Als Cheftrainer und Assistent begleitete Michael Zerr (links, mit Malte Bertram) Teutonia durch die Oberliga-Abstiegssaison 2016/17; anschließend wechselte er zum MTV Treubund Lüneburg. © Klingebiel, Bernd

Der Start hätte kaum schwerer sein können für Teutonia Uelzen. Die Blau-Gelben eröffnen die Saison in der Fußball-Landesliga am Sonntag (15 Uhr) beim Dauer-Titelanwärter MTV Treubund Lüneburg.

Uelzen - Am zweiten Spieltag geht’s im ersten Heimspiel gegen Aufsteiger TuS Neetze, dem nicht wenige den direkten Durchmarsch in die Oberliga zutrauen.

„Das sind echte Gradmesser“, sagt Teutonia-Coach Achim Otte.
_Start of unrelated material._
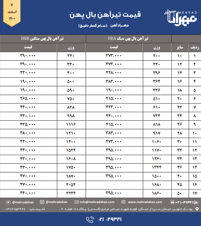 شرکت سام گستر دقیق (مهراد آهن) 📆 چهارشنبه ۱۴۰۰/۱۲/۱۱ ⬅️ قیمت تیرآهن بال پهن سبک و سنگین 📞 ۰۲۱-۴۹۳۴۱ https://t.me/mehradahan 🌐 www.mehradahan.com
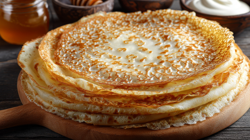 В Москве самой популярной начинкой для блинов в 2025 году оказалась сметана. Это следует из опроса на портале мэра и правительства столицы, в котором приняли участие более 185 тысяч человек. За сметану проголосовали 39% респондентов, за мед — 26%, за сливочное масло — 15%. В 2024 году лидером предпочтений москвичей была красная икра.

Treubund hat durch seine exzellente Jugendarbeit Jahr für Jahr „eine sehr gute Breite an Spielern mit hoher Qualität“. Und seit diesem Sommer mit Michael Zerr einen Trainer bei der 1. Herren, der zuvor erfolgreich mit den Lüneburger A-Junioren in der Niedersachsenliga unterwegs war und Teutonia aus dem Effeff kennt.

Für den 54-Jährigen aus Wrestedt ist das Derby der Hansestädte keines wie jedes andere. Zerr war Chef- und Co-Trainer bei Teutonia zu Oberligazeiten, ist weiterhin Vereinsmitglied und nunmehr im fünften Jahr bei Treubund. „Ich fühle mich dort wertgeschätzt“, erklärt er.

Bei Teutonia ist ihm niemand aus der Landesliga-Mannschaft fremd: „Ich kenne sie alle“ – und sei es aus seiner Trainertätigkeit beim DFB-Stützpunkt. Zerr: „Mit Achim Otte und Torwarttrainer Mario Drewes bin ich gut befreundet.“ Regelmäßig tausche man sich über den Fußball miteinander aus.

„Gut befreundet“ mit Otte und Drewes

So erwartet der MTV-Coach eine Uelzener Mannschaft, die unter Ottes Anleitung „richtig gut gegen den Ball organisiert sein wird“. Die Favoritenrolle seines Teams als bislang chronisch scheiternder Daueranwärter auf den Aufstieg bestünde nur auf dem Papier. Zerr: „Wir sind in einem richtig großen Umbruch, zahlreiche Landesligaspieler haben uns aus den verschiedensten Gründen verlassen. Wir haben die U19 fast komplett in den Herrenbereich hochgezogen.“ Das sei allerdings ein „Jammern auf hohem Niveau“, denn der Lüneburger Nachwuchs gehört schon seit Jahren zur Elite in Niedersachsen.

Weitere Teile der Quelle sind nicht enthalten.